Robin Ward reflects on Anglican responsibility in relation to birth control and civil partnerships

‘Thinking it over at home a bishop might have said, “I am going to vote against birth control,” and his wife would have said, “Don’t be a fool, John.”’ Percy Dearmer’s lapidary analysis of why the Lambeth Conference of 1930 decided to approve artificial methods of contraception reminds us of the significant alternative Magisterium in Anglicanism.

It is worth recalling however, that the decision of 1930 was not necessarily the theological volte-face which the verdict of Pius XI in his Encyclical Casti Connubii of the same year assumed: ‘Certain persons have openly withdrawn from the Christian doctrine as it has been transmitted from the beginning and always faithfully kept.’
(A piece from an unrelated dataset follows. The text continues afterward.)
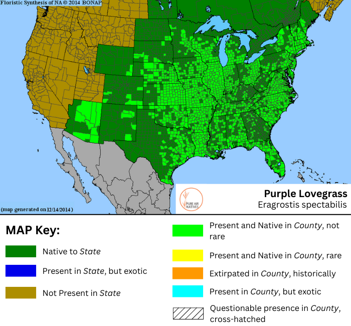 Purple Love Grass (Eragrostis spectabilis) is a hardy, low-growing native grass perfect for dry, sunny landscapes. Growing 1 to 2 feet tall, it thrives in poor soils, full sun, and even beneath Black Walnut trees.
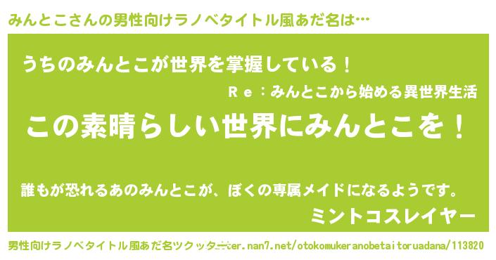 | 意味不明あだ名 | 『住所不定無職みんとこ(79歳)』 |

Abp Randall Davidson was said to have indicated by the agitation of his eye-brows dissatisfaction with the emphatic tone of the 1920 Lambeth Conference Resolution on Birth Control, and Kenneth Kirk wrote in Conscience and its Problems in 1927, an Anglican has good reason to doubt whether the universal condemnation of “birth-control” in the Roman communion is paralleled by as absolute an obligation in the Church of England.’

Although Anglo-Catholic confessors and moral theologians continued to take a strict line until the Fifties, it was the Lambeth Conference of 1958 which radically departed from what had been the received tradition. The Conference report on The Family in Contemporary Society declared that those who ‘carelessly and improvidently bring children into the world trusting in an unknown future or a generous society to care for them, need to make a rigorous examination of their lack of concern for their children and for the society of which they are a part.’ The choice of method to bring about this duty of limitation is described as matters of clinical and aesthetic choice.’

This judgement has been reflected in the revision of the marriage services of the Church of England, in which the traditional Augustinian hierarchy of its benefits, in which the gift of children comes first, is abandoned in favour of a hierarchy which emphasizes the more subjective benefits and ranks the ‘unitive’ character of the marriage act above the procreative.

Once marriage has been re-defined as a union in which ‘comfort and help’ constitute its first end, in which sexual intercourse is primarily a means of ‘delight’ and ‘joyful commitment,’ and in which children if they are born at all come last in the order of priorities, then it becomes difficult to see why the traditional moral teaching of Christianity about the indissoluble character of the union, or indeed the necessity of the spouses to be of a different sex need obtain.

Perhaps the bishops who are complaining now about how much civil partnerships have been made to resemble marriage should consider how responsible the Anglican Communion is for making marriage look so much like a civil partnership fifty years ago.